On an as converted basis the venture capital firm in question held less than a majority of the voting securities of the company. As a result, the other shareholders had sufficient votes to approve a merger of the company. The venture capital firm's protection was in the form of an executive committee of the board that was required to approve any merger transaction by a unanimous vote. The venture capital firm had a seat on that committee, but had vacated the seat for liability and other reasons. Furthermore, the venture capital firm failed to negotiate any right to receive notice of committee or board meetings. Therefore, a merger proposal could be considered and approved by the committee and the board before the venture capital firm would even know it had occurred. Of course, the venture capital firm would receive notice of the shareholders meeting to approve the merger, but the firm did not hold sufficient votes to block the transaction, unless it required a special class vote.

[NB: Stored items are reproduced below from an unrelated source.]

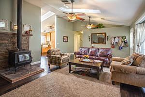 Gorgeous, Recently Upgraded Home with 4 bedrooms and 3 bathrooms located on a spacious 4+ acre usable property. This incredible home features a bright open floor plan, hardwood floors throughout, a beautiful kitchen with knotted hickory cabinets & granite counter tops, a covered patio with stamped concrete, RV parking, professionally landscaped front & back yards with 6 wonderful fruit trees.
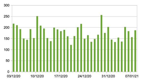 Il grafico seguente mostra i dati giornalieri ,a livello nazionale, relativi ai nuovi ingressi in terapia intensiva dal 3 dicembre 2020 al 8 gennaio 2021
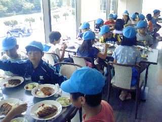 館内を見学した後は、レストランで昼食です。定番のカツカレーとサラダをいただきました。この後、バスに乗って京都へ向かう予定です。
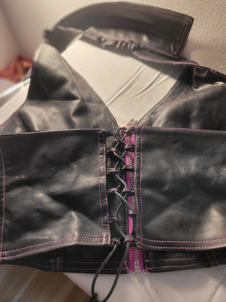 Selling a cute black vegan leather halter top and mini skirt set! The top features a butterfly zipper pull and the skirt has a matching butterfly embroidery. Perfect for a night out!
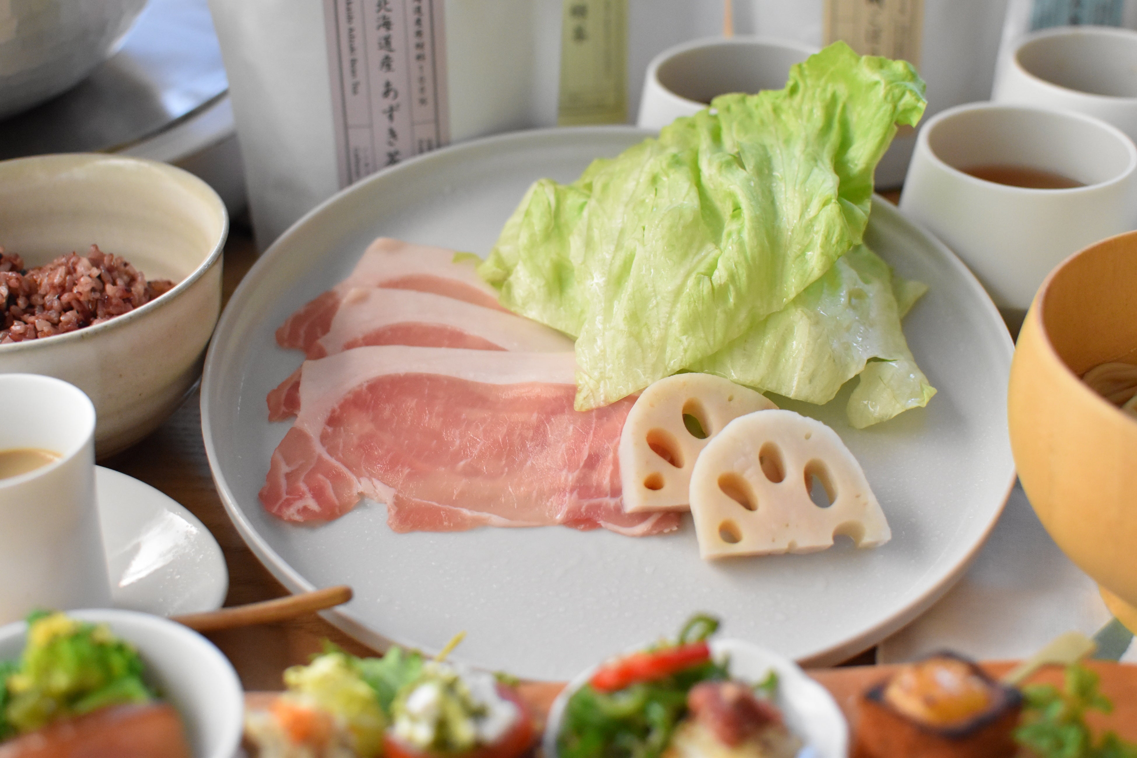 カラダをあたためるお鍋(あぐー豚、京都の絹豆腐、レタス、レンコン) あぐー豚の旨味を引き出したオリジナルのお出汁。京都の絹豆腐の滑らかさと、シャキシャキのレタス、ホクホクのレンコンが相性抜群!
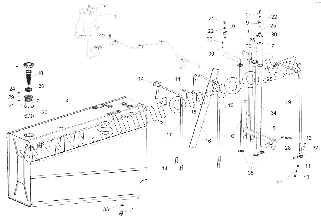 Каталог запасных частей к технике: Гомсельмаш КЗС-1624-1. Установка топливной системы КЗК-16-1-0126000
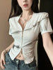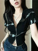 Bxoxo Harajuku Y2K T Shirt Women Slim Sexy Cropped Double Zipper Vintage Tees Streetwear Vintage American Casual O Neck Lady Tops
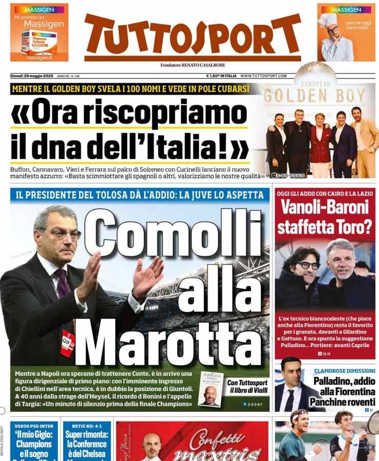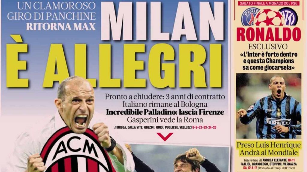La Gazzetta dello Sport titola in apertura “Max è Allegri” trattando il tema del giro di panchine in Serie A. Possibile rinnovo di Italiano al Bologna, le dimissioni di Palladino dalla Fiorentina e l’orizzonte Roma per Gasperini le altre notizie in copertina. A destra un’intervista a Ronaldo il Fenomeno in vista della finale di Champions League tra Paris Saint-Germain e Inter.
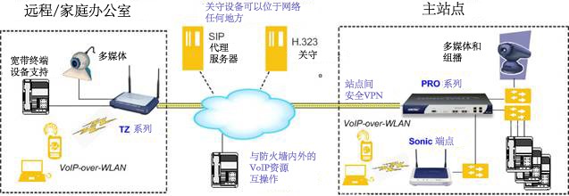 SonicWALL利用其分布式無線解決方案將完全的VoIP安全性擴展到附屬的無線網(wǎng)絡(luò)。無論是利用內(nèi)置802.11無線功能的TZ 170系列,還是配合使用PRO系列設(shè)備和SonicPoint

The merger in question provided that the company would be merged into a new entity, financed by a friendly shareholder, but the preferred stock, including that of the venture capital firms, would be converted into common stock, thus losing their preferential rights. The venture capital firm asserted that the merger was an indirect amendment of the terms of the preferred stock and, therefore, required a separate class vote of the preferred stockholder under Delaware corporate law. Fortunately, there was a case on point.
In 1998, the Delaware Supreme Count considered a similar question in Elliott Associates L.P. v. Avatex Corp. There the corporation's certificate included a provision that gave the preferred shareholder the right to vote on:
"(a) any amendment, alteration or repeal of the certificate of incorporation "whether by merger, consolidation or otherwise" that
(b) "materially and adversely" affects the rights of the ..[preferred]… stockholders."
The court held "when a certificate grants only the right to vote on an amendment, alteration or repeal, the preferred have no class vote in a merger. When a certificate adds the terms 'whether by merger, consolidation or otherwise' and a merger results in an amendment, alteration or repeal that causes an adverse effect on the preferred, there would be a class vote."
In the court case, the preferred stockholder was fortunate because the precise language required by the court was present, thus requiring a class vote - in our case, the preferred stockholder was not so fortunate.
The lesson is clear. For venture capital firms and other purchasers of preferred stock, precise drafting of the right to vote on alterations to the rights of the preferred stockholders is necessary or preferred stockholders may find themselves on the short end of a merger that has the effect of robbing them of their hard fought protective rights.